It’s obvious why well-meaning mental health professionals embrace community resilience: Many people report “therapeutic” benefits from being more socially connected, contributing towards practical, positive changes, and becoming better prepared for climate crises. But conversely, how do the typical treatments provided by mainstream mental health services-psychiatric drugs and sometimes cognitive-behavioral therapy-affect climate change or feelings about it?
All the papers and presentations trumpet that mental health professionals will help us survive and thrive-but none provide evidence. Typical is a report on the impacts of disasters co-produced by the Center for Public Integrity, Mother Jones, and Texas Tribune that calls for dramatic funding increases for mental health services while never asking if science supports it. A 2018 paper by public health specialist Katie Hayes and others, endorsed by the Climate Psychiatry Alliance as a “standard foundation” text, acknowledges that “there are research needs” where “the efficacy and accessibility of mental health interventions related to climate change are assessed.” Nevertheless, even this paper calls mental health services “ catastrophically “ underfunded for what’s coming.
The promotional rhetoric diverts attention from considering the risks of pathologizing reactions to climate change.
Pathologizing, Depoliticizing, and Disempowering
The pathologizing and medicalizing of feelings about climate change derails social activism, said David Cohen, a UCLA social-welfare professor and co-author of Mad Science: Psychiatric Coercion, Diagnosis, and Drugs. “The use of the expression ‘mental health’ is such a game-changer,” he said. “It’s so terrible.”
Scanning excerpts I sent him from Hayes’ paper, Cohen noted that “mental health” and “mental illness” were loose categories encompassing all possible states of mind. Simultaneously, “mental health problems” became a catch-all for climate-influenced distresses-loss, anxiety, agitation from wildfire smoke, depression and PTSD after floods, domestic violence from increasing poverty, and more.

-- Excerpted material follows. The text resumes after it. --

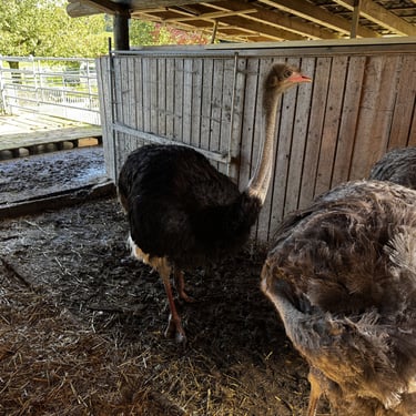 Then there are the three ostriches: two females and a smaller male. Their size difference doesn’t diminish their charm — they’re friendly, playful, and curious, always peering at visitors with their big eyes. We learned that ostriches swallow small stones to help them digest their food. They also have a unique inner eyelid, much like cats, that protects and moistens their eyes.

Yet, Cohen said, health and illness are medical terms that bring along conventions from our medicalized mental health system.
The terms frame negative feelings in response to climate change as, in part, pathologies or illnesses inside individual brains that require psychiatric or psychological treatments rather than social-political solutions.
This medicalization then “enfeebles” us, said Cohen, making us feel dependent on “expert” mental health professionals to help manage these feelings.
So, while there are many different intellectual, emotional, spiritual, social, political, and other ways to understand and respond to distressing feelings caused by climate change, when we apply medicalized diagnostic labels, said Cohen, “those are culturally-bound words that conquer and take away all of the natural flora and fauna, and just put a highway on there and say, that’s the way you go.”
From a different vantage point, John McKnight described how professionalized mental health services, by recasting the impacts of many social-environmental problems as personal pathologies, effectively depoliticize and disempower entire communities.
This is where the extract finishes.